October 2006. Misadventure #3 The longest night ever
I remember slowly driving over a cattle grate across the road. It struck me as being an odd item – What is that for? Further in I found the administration building but it was closed for the season. Just an honour box, where you flip the lid open, get the pen and registration form and fill out your name, licence plate number, how many nights you are staying and leave the money in a slot in the top. I was the only person in the place, so I had the whole park to myself. Mid-October in central Alberta is not camping season to most people.
I chose my spot and set up my tent, laying out my air mattress, sleeping bag and pillows. Then I set to work making supper over my single-burner gas stove. An old family recipe, macaroni and tomato juice.
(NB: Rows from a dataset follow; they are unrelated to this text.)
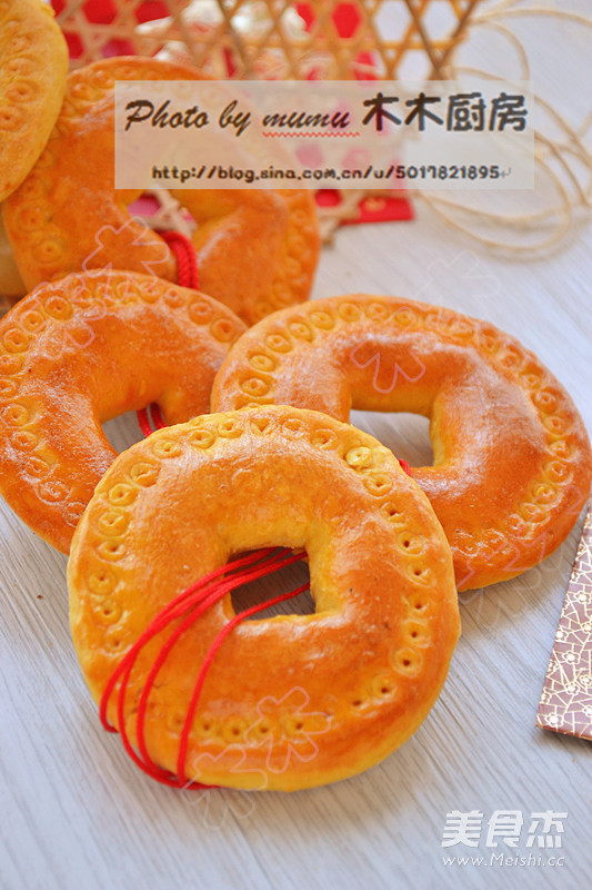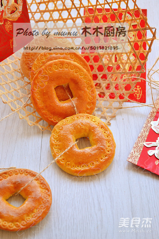 主料 面粉600克 南瓜100克 辅料 水适量 酵母5克 蛋液适量 金钱饼的做法 1.南瓜去皮去瓤,切成小块入搅拌机打成南瓜汁,用南瓜汁和好面,放置温暖处发酵至原来的2倍大 2.取出一剂子,擀成圆形,用刀子在圆中心掏出一四方形面团 3.用吸管在圆旁边压出小圆形,再用牙签在小圆中心戳个印子 4.饼胚做好,放入加热过的电饼铛中定型3分钟 5.将定型好的饼胚刷上蛋液,放入烤箱170度10分钟即可 烹饪技巧 用吸管压制饼胚的过程比较繁琐,需要一些耐心,其他步骤和做馒头的过程相同
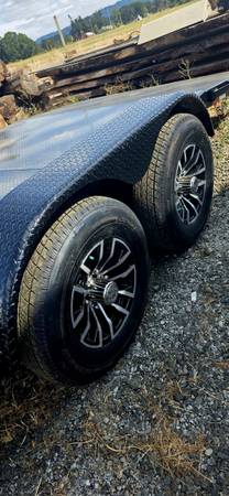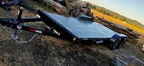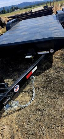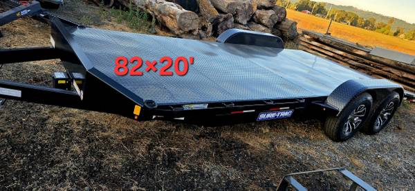 Brand new never used 82"×20ft car trailer. Steel deck. 5k axles. Removable fender. Beaver tail. Nice wheels. Long slide out ramps. Location in south independence Oregon. By appointment only.
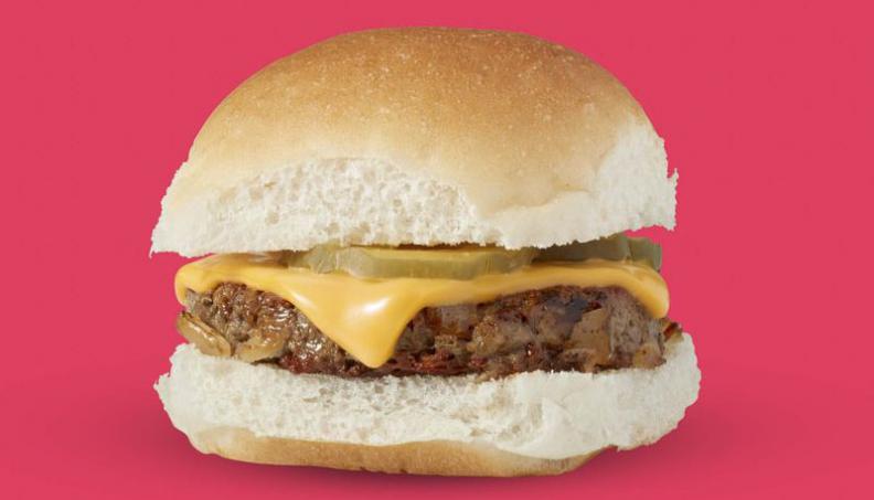 The Impossible Slider is topped with smoked cheddar cheese, pickles, and onions and is served on a signature bun available individually for $1.99.
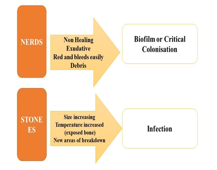 Secondly, it is necessary to evaluate the injuries for microbial contamination. Common infection symptoms including fever, discomfort, swelling, and redness may not always be apparent. For identifying chronic wounds that are infected, two mnemonics are suggested: NERDS, which has a sensitivity of 73% and a specificity of 80.5% when three criteria are satisfied, and STONEES, which has a sensitivity of 90% and a specificity of 69.4% when at least three indications are present. The wound is extensively colonized or has biofilm when NERDS criteria are met. The existence of STONEES signifies that the chronic wound has an infection as shown in fig.4.

As the last light of dusk faded, I flicked on my head-lamp and continued stirring the little elbow pasta till the water was all absorbed, then I poured in a can of Heinz tomato juice and tossed it all together.
I sat at the picnic table, eating my pasta from the pot. Thinking the best thing about camping in the fall is there are no bugs, but it was getting cold and I tugged the zipper of my jacket up tight to my neck and hurriedly washed up the pot at the water spigot. That is when I heard it.
The shuffling of leaves under foot. “Was that a snort or a growl?” either way it was damn close – too close. Then I heard it again. Definitely a snort-growl. Tilting my headlamp to shine the beam towards where I heard the disturbance, I scanned the edge of the trees line but saw nothing. Visions of a buffalo tromping right thru my solo tent put and end to the thought of sleeping in there.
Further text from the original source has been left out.